Conveniently, the replacement came to around €150, as the cheaper models were allegedly out of stock. With the local currency experiencing significant inflation and exchange rates fluctuating heavily, paying by card wasn’t ideal. And so, like the imbeciles that we are, we handed over a crisp €150 note. That brought the grand total spent on absolutely nothing to €210. Gotta love Egypt!
Resort Life
Having finished our dives, Rphan and I made our way to the hotel, where everyone else (and a stuffed pigeon) was waiting for us. By that point, Akash, Joshin and Zara had already acquainted themselves with the all-inclusive resort.

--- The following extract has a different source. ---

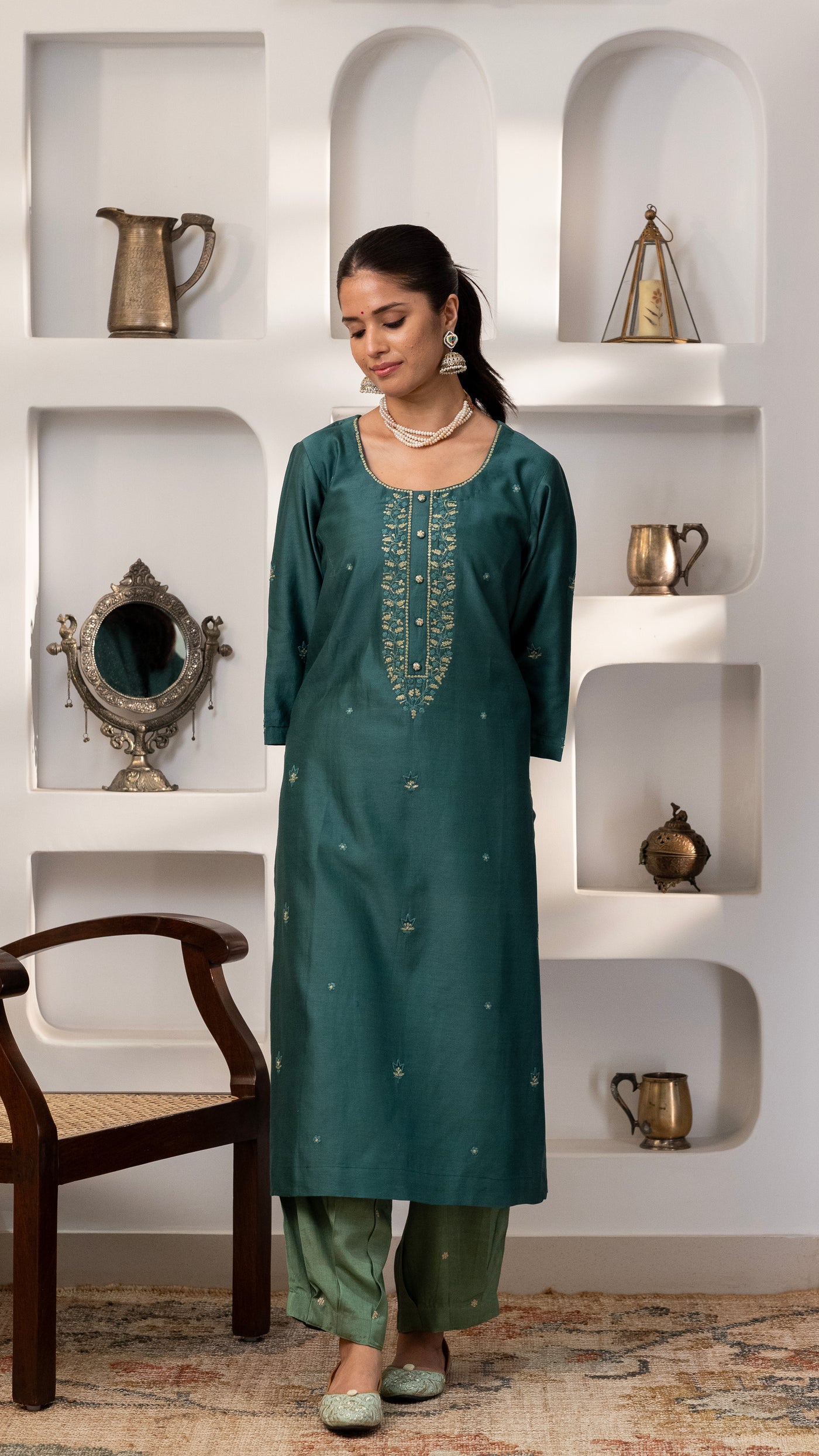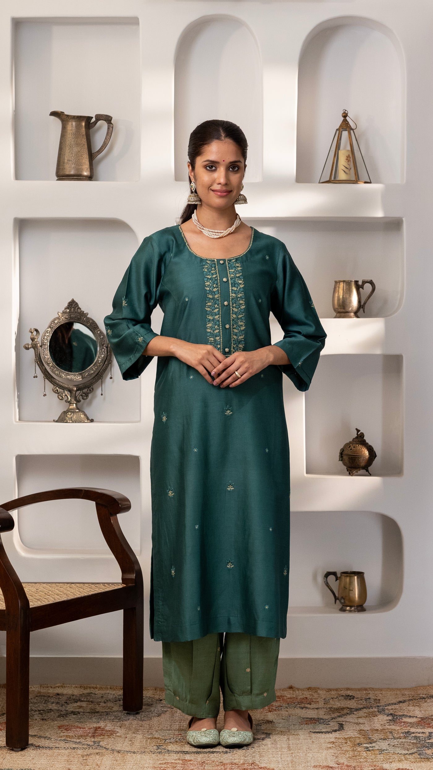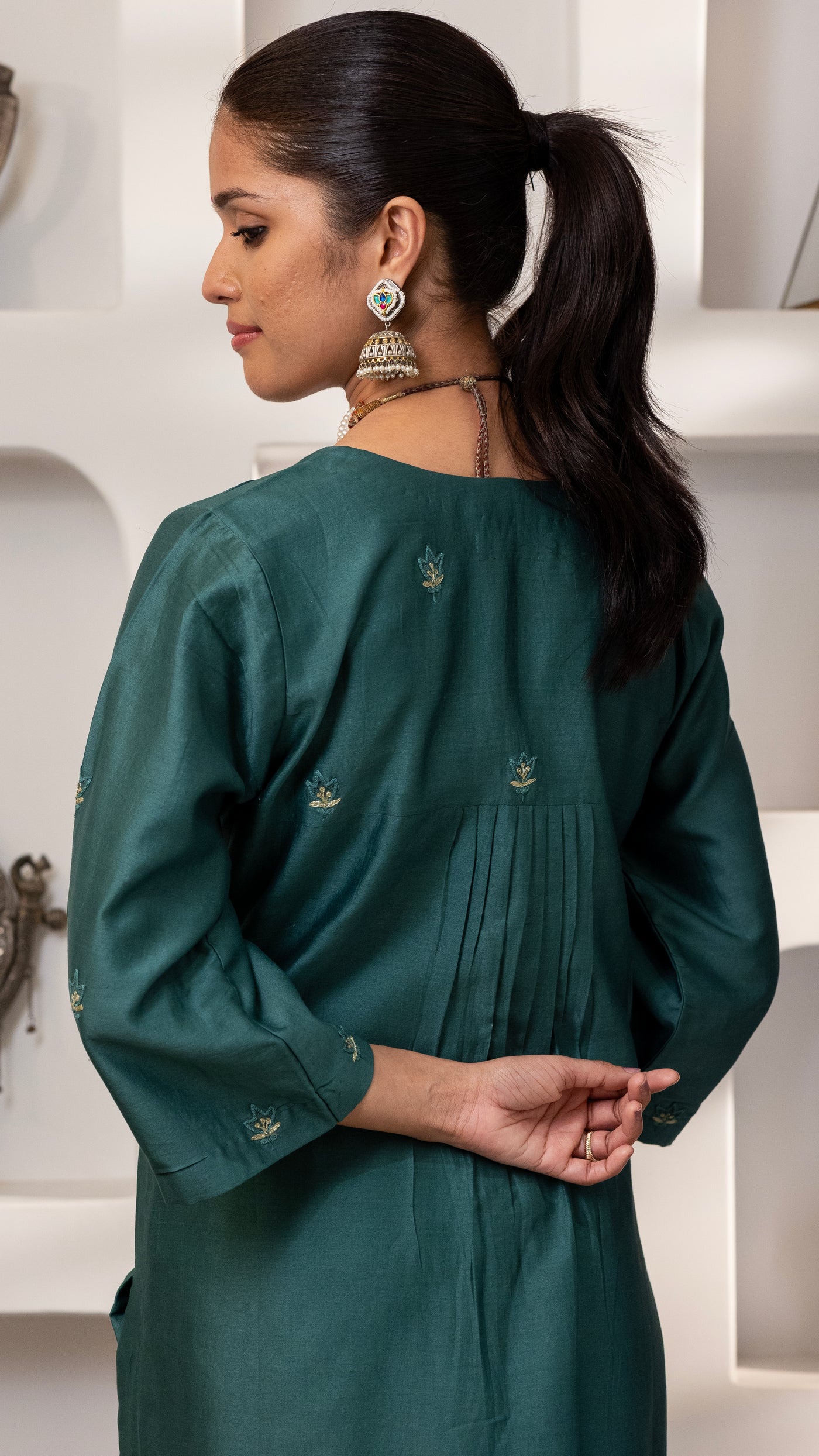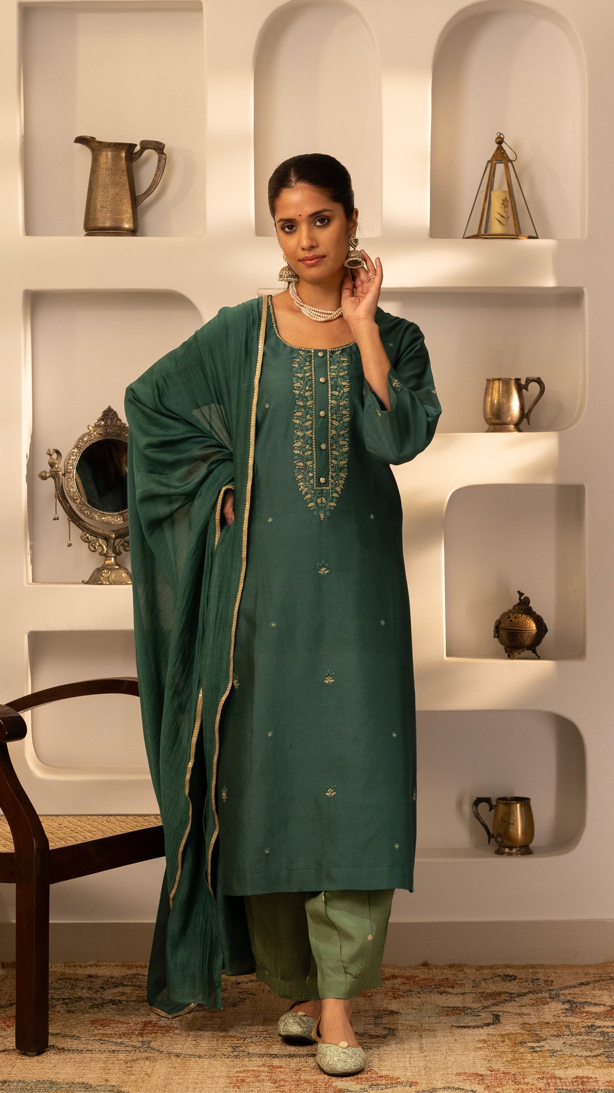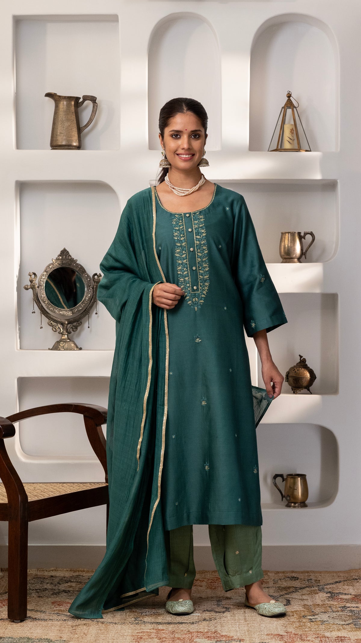A pure chanderi silk kurta with intricate Tilla and dori embroidery is paired with cotton silk pleated salwar with embroidery. The set is paired with a pure muslin chanderi dupatta with gold lace on all 4 sides.

Turns out, Sharm El Sheikh is famous for these kinds of hotels. I can’t say I didn’t get the ick when they first proposed staying there. The photos immediately gave me flashbacks of Cancún. Whilst I like to indulge in luxury every now and then, this was definitely not my style. With such resorts spanning enormous stretches of coastline and boasting every amenity imaginable, I’d much rather stay somewhere smaller and perhaps a little more tasteful – somewhere catering to a particular experience rather than trying to be everything all at once.
But that’s just me. With the rest of the gang being the bougie types, they made it their mission to explore every single nook and cranny and take full advantage of everything on offer. From sunbathing beside the largest swimming pool I had ever seen to playing golf, from getting massages to watching films in the cinema room, they definitely got their money’s worth. I, on the other hand, swore I’d spend as little time there as humanly possible. I did make full use of the buffet, though.
Whilst the food was good – in a buffet sort of way – even that came with a barrage of complaints from my end, specifically the fact that water was served exclusively in plastic bottles. This would prove to be a recurring theme throughout Egypt, where single-use plastic remains widespread. The waste!